Tak czy inaczej Ucho Prezesa jest przedsięwzięciem dwuznacznym. Bez wątpienia bawi, ale bawiąc, w jakiś sposób oswaja widownię z ludźmi obecnej władzy, którzy w rzeczywistości mają dla wielu z nas cechy odpychające, budzące wstręt i złowrogie. Nie dziwi mnie, że politycy PiS-u wypowiadają się o serialu ciepło, a TVP rozważa podobno emisję. Zwęszyli szansę na rozmiękczenie wizerunku rządzącego obozu, a zwłaszcza jego przywódcy. To technika znana z historii rozmaitych satrapii i dyktatur. Nie zdziwię się, gdy za jakiś czas Kaczyński pojawi się w postaci ojca narodu, świętego obrazka, Dziadka Mroza albo przytulanki.

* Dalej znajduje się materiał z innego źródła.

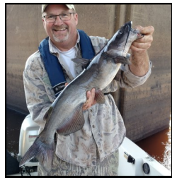
A fall of 2018 Mississippi catfish taken near Brainerd!!

Like most of you, I have had opportunity to be a part of a group or organization that promotes a reason and/or purpose. As we know, TIP has that mission and purpose of “curbing the illegal taking of Minnesota’s fish, wildlife, and natural resources”. Many years ago, the fall season was used to “harvest” for food during the long winters we endured. Times have changed. For most of us, the fall season is still a time of harvest and preparation, but the need for food and storage is less complex and we have access to food down the street at our local market. In this

Co z tego wynika? Daleki jestem od posądzania Kabaretu Moralnego Niepokoju o koniunkturalizm. Za satyrą na Prezesa i jego drużynę kryje się raczej sugestia, że przyjdzie nam spędzić z nimi wiele najbliższych lat – Kaczyński gdzieś ostatnio powiedział: „Będziemy rządzić bardzo długo”. A skoro tak, to wypada przywołać angielskie powiedzenie: „If you can`t fight it, join it” – „Jeśli nie możesz czegoś pokonać, to się przyłącz”. A jeśli nie pokonać – bo jak, zważywszy kompromitującą nieporadność opozycji – i nie przyłączyć, to spróbować polubić lub przynajmniej przywyknąć. O co zawsze łatwiej, gdy grozę rozładuje się śmiechem. Jak mówił Edek w Tangu: „będzie wam ze mną dobrze, zobaczycie. Ja jestem swój chłop. I pożartować mogę, i zabawić się lubię. Tylko posłuch musi być”.
Rozumiem ten kierunek myślenia, ale się na niego nie zgadzam, więc gdy oglądam Ucho Prezesa zapala mi się czerwone światło, bo nawet jeśli będzie śmiesznie, to nie znaczy, że przestanie być strasznie. Nie dajmy się uwieść, choćby wyłączną formą niezgody miał być wewnętrzny, samotny opór, a jedyną perspektywą – długi marsz. Zawsze jest jakaś nadzieja, jak w starym wierszu Herberta:
Stoimy pod murem. (…)
Mur jest wysoki i mocny. Za murem jest drzewo i gwiazda.
Drzewo podważa mur korzeniami. Gwiazda nagryza kamień jak mysz.
Za sto, dwieście lat będzie już małe okienko.